Joelle Carter (Justified on FX) – Ava Crowder is a woman of strength and fortitude. She dealt with the harsh reality of an abusive husband until she just couldn’t take it anymore and shot him while he ate his favorite dinner. She withstood harm from his criminal family and attempted to continue on with her life undaunted by their threats. And, she even enticed Raylan Givens to keep her company and find solace in a most unusual relationship. This character could easily have been hated by the viewers because of her actions, but Joelle Carter made her endearing and remarkably likeable.
Best Supporting Actor, Comedy:
Chris Colfer (Glee on FOX) – Kurt Hummel is the essence of style, he is a talented stage performer but he is also tormented and ridiculed by nearly everyone and in love with someone who will never love him.

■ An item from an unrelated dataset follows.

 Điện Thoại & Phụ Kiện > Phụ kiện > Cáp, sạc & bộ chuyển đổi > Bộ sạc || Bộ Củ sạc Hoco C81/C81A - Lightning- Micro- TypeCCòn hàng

He is not only a typical high school student but also one of the most adorable characters to grace TV screens in years. Chris Colfer embodies this New Directions singer in a seamless fashion that few other more accomplished actors would not have been able to replicate. He is Kurt Hummel, hear him roar.
Neil Grayston (Eureka on Syfy) – Dr. Douglas Fargo is a junior scientist at Global Dynamics in the mysterious Pacific Northwest town of Eureka where nearly every inhabitant is a genius or a highly skilled scientist. But unlike his peers, Fargo is accident prone and tends to bring about more problems than he solves. Played deftly by Neil Grayston, Fargo is the epitome of comedy relief without any intentions of being just so.

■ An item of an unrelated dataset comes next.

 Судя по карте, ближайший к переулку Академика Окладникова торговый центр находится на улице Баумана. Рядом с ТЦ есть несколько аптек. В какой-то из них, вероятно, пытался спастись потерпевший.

Best Supporting Actress, Comedy:
Jane Lynch (Glee on FOX) – Sue Sylvester is the coach of the “Cheerios” (the nationally ranked cheerleader squad) at McKinley High School and the nemesis of Spanish teacher sans Glee Club leader William Schuester. She is abrasive, rude, derogatory, self-centered and most times completely oblivious of just how reviled she is by all of those around her. Yet in rare moments, especially when she is visiting her special needs sister or actually standing up for the members of New Directions (the school’s Glee Club) – without their knowledge, of course – the softer side of Sue Sylvester is glimpsed. Jane Lynch captures this character’s dual identity with precision and finesse.

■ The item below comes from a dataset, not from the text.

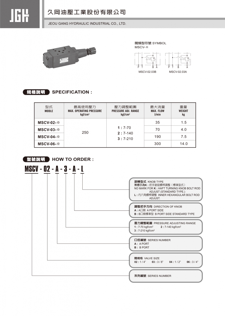規(guī)格說明 型式 最高使用壓力 kgf/cm2 壓力調(diào)整範(fàn)圍 kgf/cm2 最大流量 l/min 重量 kg MSCV-02-※ 250 1 :?7-70 2 :?7-140 3 :?7-210 35 1.5 MSCV-03-※ 70 4.0 MSCV-04-※ 190 7.5 MSCV-06-※ 300 14.0 JGH久岡疊加式控制閥部分常規(guī)型號參考:MSCV-02-A-1-A , MSCV-

April Bowlby (Drop Dead Diva on Lifetime) – Stacy Barrett is the best friend of wanna-be model Deb Dobkins whose soul is now inside the body of plus-size attorney Jane Bingum in the popular Lifetime series. Stacy, who is a struggling model herself, is there for Deb sans Jane, becoming her roommate, faithful confidante and helping Jane adjust to her new life. Stacy may appear to be an airhead, but she has actually been helpful to Jane in and out of the courtroom. April Bowlby has made Stacy one of the most likable best friends on television.
My Dream Emmy Ballot would not be complete without a few special mentions including:
Castle – This ABC series about a tough lady cop and a mystery writer (Nathan Fillion and Stana Katic) is one of the best shows on TV, combining romance, intrigue, comedy and crime drama all into one with one of the best cast on TV today. It likely will never win an Emmy, but it sure deserves a spotlight nonetheless.
White Collar – What can be said about the best buddy drama on television? This terrific USA Network series weaves a seamless story between white collar criminal Neal Caffrey and FBI agent Peter Burke (Matthew Bomer and Tim DeKay) that draws the audience in effortlessly. My TV viewing would not be complete without this series.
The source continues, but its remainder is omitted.